### TASK DESCRIPTION
Produce an exact copy of all the data below, dropping every image.

### SUPPLIED MATERIAL
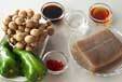 ピーマンは縦半分に切り、ヘタと種を取り、コンニャクの大きさに合わせて、ひとくち大の乱切りにする。
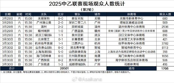 中乙第2輪現(xiàn)場(chǎng)觀眾:四場(chǎng)超千人,泰山B隊(duì)主場(chǎng)8113人最多
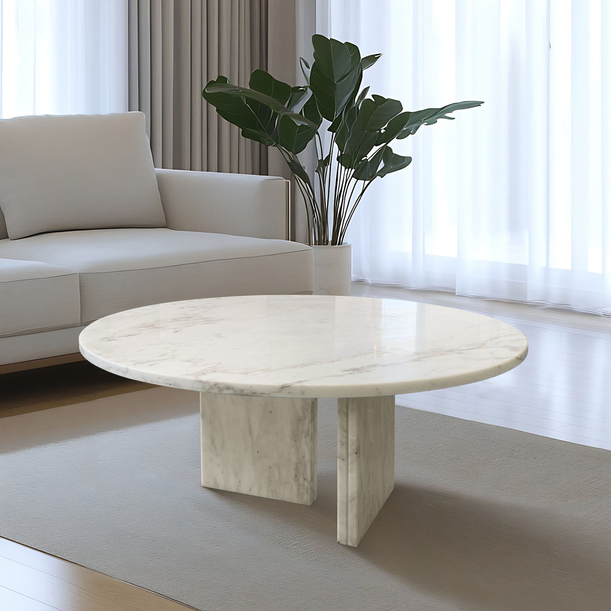 Natural Marble Coffee Table, Snow Mountain, Semi Polished Surface - White

### TASK ANSWER
 ピーマンは縦半分に切り、ヘタと種を取り、コンニャクの大きさに合わせて、ひとくち大の乱切りにする。
 中乙第2輪現(xiàn)場(chǎng)觀眾:四場(chǎng)超千人,泰山B隊(duì)主場(chǎng)8113人最多
 Natural Marble Coffee Table, Snow Mountain, Semi Polished Surface - White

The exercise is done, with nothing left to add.